Your assignment: Could you copy word for word only the lines between the one containing "Soleo 1 espace" and the end of the listing below, both included, and leave out the pictures?
[Opening Supplied information section]
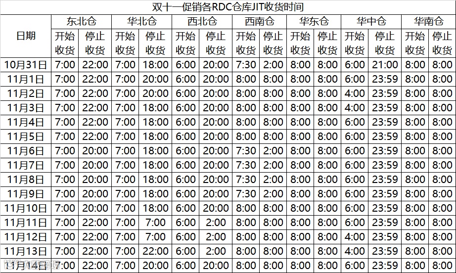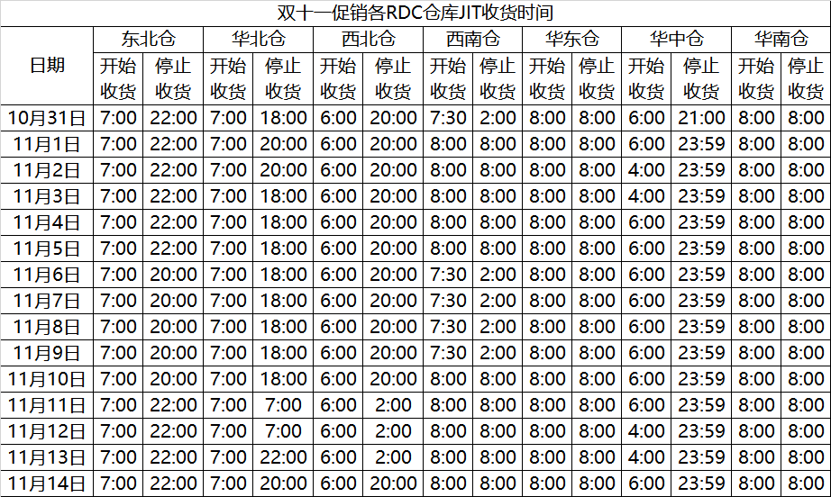 ①大促期间的各仓收货时间:
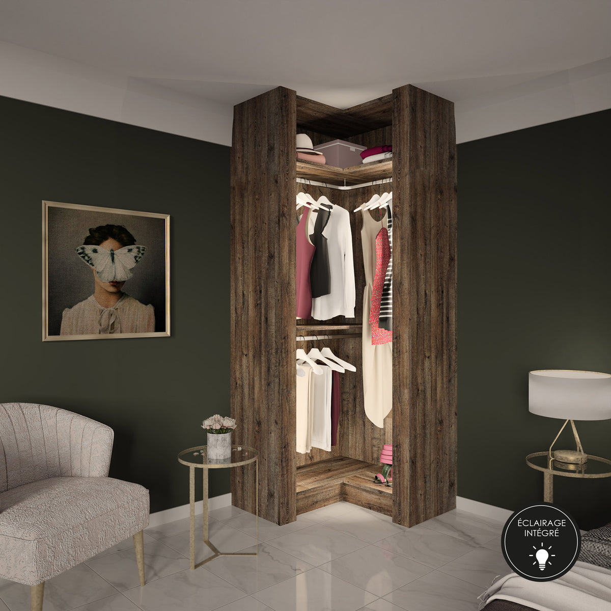 Soleo 1 espace d’angle adapté à une installation sans portes de placard Kazed.
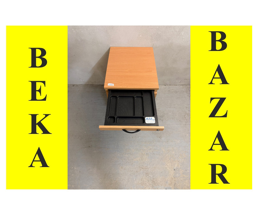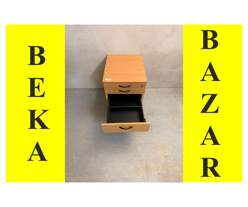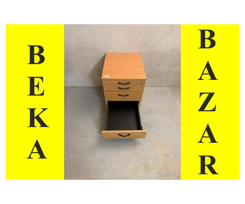 Nabízíme k prodeji kancelářský kontejner v dekoru buk. Kontejner má 4 šuplíky, všechny z plastu. První šuplík je úzký na drobné věci. Kontejner má kolečka s aretací, plastové rukojeti a některé z dostupných mají klíč.
[Closing Supplied information section]
Task answer:
 Soleo 1 espace d’angle adapté à une installation sans portes de placard Kazed.
 Nabízíme k prodeji kancelářský kontejner v dekoru buk. Kontejner má 4 šuplíky, všechny z plastu. První šuplík je úzký na drobné věci. Kontejner má kolečka s aretací, plastové rukojeti a některé z dostupných mají klíč.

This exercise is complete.